Здесь возникает и другая тема, не менее остро поставленная Бердяевым: тема рабства и свободы человека. «Всякая группировавшаяся масса враждебна свободе. Скажу более радикально: всякое до сих пор бывшее организованное и организующее общество враждебно свободе и склонно отрицать человеческую личность. И это порождено ложной структурой сознания, ложным направлением сознания, ложной иерархией ценностей. Личность, сознавшая свою ценность и свою первородную свободу, остается одинокой перед обществом, перед массовыми процессами истории». И, не испытывая никаких иллюзий по отношению к современному западному обществу, отчетливо представляя картину духовного кризиса европейской цивилизации, философ беспощадно заключает: «Демократический век – век мещанства, и он неблагоприятен появлению сильных личностей»13.
 
Подобные высказывания дают основание для некоторых критиков трактовать Бердяева чуть ли не как имморалиста, человека, стоящего, в полном согласии с заветами Ницше, по ту сторону добра и зла.
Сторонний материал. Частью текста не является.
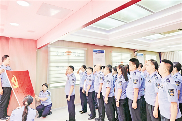 6月26日,紫陽縣司法局組織機關黨支部黨員、局機關及下屬單位干部職工開展“重溫入黨誓詞 汲取奮進力量”主題黨日活動。葉明星 攝i2e安康新聞網

Можно подобрать цитаты из его произведений, более или менее доказывающие такую точку зрения, но это значит полностью игнорировать и внутренний пафос, и общий контекст философского творчества Бердяева. Когда мыслитель пишет: «Высшая ценность лежит по ту сто­рону дoбpa и зла. Вопрос этот редко ставится радикально. Этика обычно целиком находится по сю сторону добра и зла, и добро для нее не проблематично»14, имеется в виду не призыв отрешиться от этических норм для достижения высшей ценности, а позиция, заявленная еще Августином, полагавшим, что зло не имеет субстанциональной основы, не коренится в глубине бытия. Правда, бытие у Бердяева определяется более апофатично, чем у Августина. Далее автор развивает свою мысль: «Мир не есть бытие, мир есть лишь состояние бытия, в котором оно отчуждается от себя и в котором все символизируется. Пространственные сим­волы «верха» и «низа», «высокого» и «низкого» могут выражать абсолютные истины (выделено мной — М.Б.) нравственного и духовного порядка. И в нашем падшем мире принимает формы различения то, что в бытии не есть различение»15.
 
Основной пафос философии Бердяева — защита до­стоинства человеческой личности в мире, где личность оказалась под угрозой. В свободе, в творческом преображении мира видит мыслитель метафизические основа­ния личности, возложенную на нее Творцом миссию. Поэтому именно в свободе скрыта для него тайна мира. «Не свобода есть создание необходимости (Гегель), а необходимость есть создание свободы». Саму свободу Бердяев понимает как открытую возможность для само­выражения личности. Здесь следует отметить, что фило­соф различает индивидуум и личность, как «натурально- биологический» и «духовно-религиозный» типы. При этом личность является «заданием» для индивида.
 
«В школьной философии, — пишет Бердяев, — проблема свободы отождествлялась со «свободой воли». Свобода мыслилась как свобода выбора, как возможность повернуть направо или налево. Выбор между добром и злом предполагает, что человек поставлен перед нормой, различающей добро и зло… Для меня свобода всегда означала что-то совсем другое. Свобода есть моя независимость и определяемость моей личности изнутри, и свобода есть моя творческая сила, не выбор между поставленным передо мной добром и злом, а мое созидание добра и зла»16.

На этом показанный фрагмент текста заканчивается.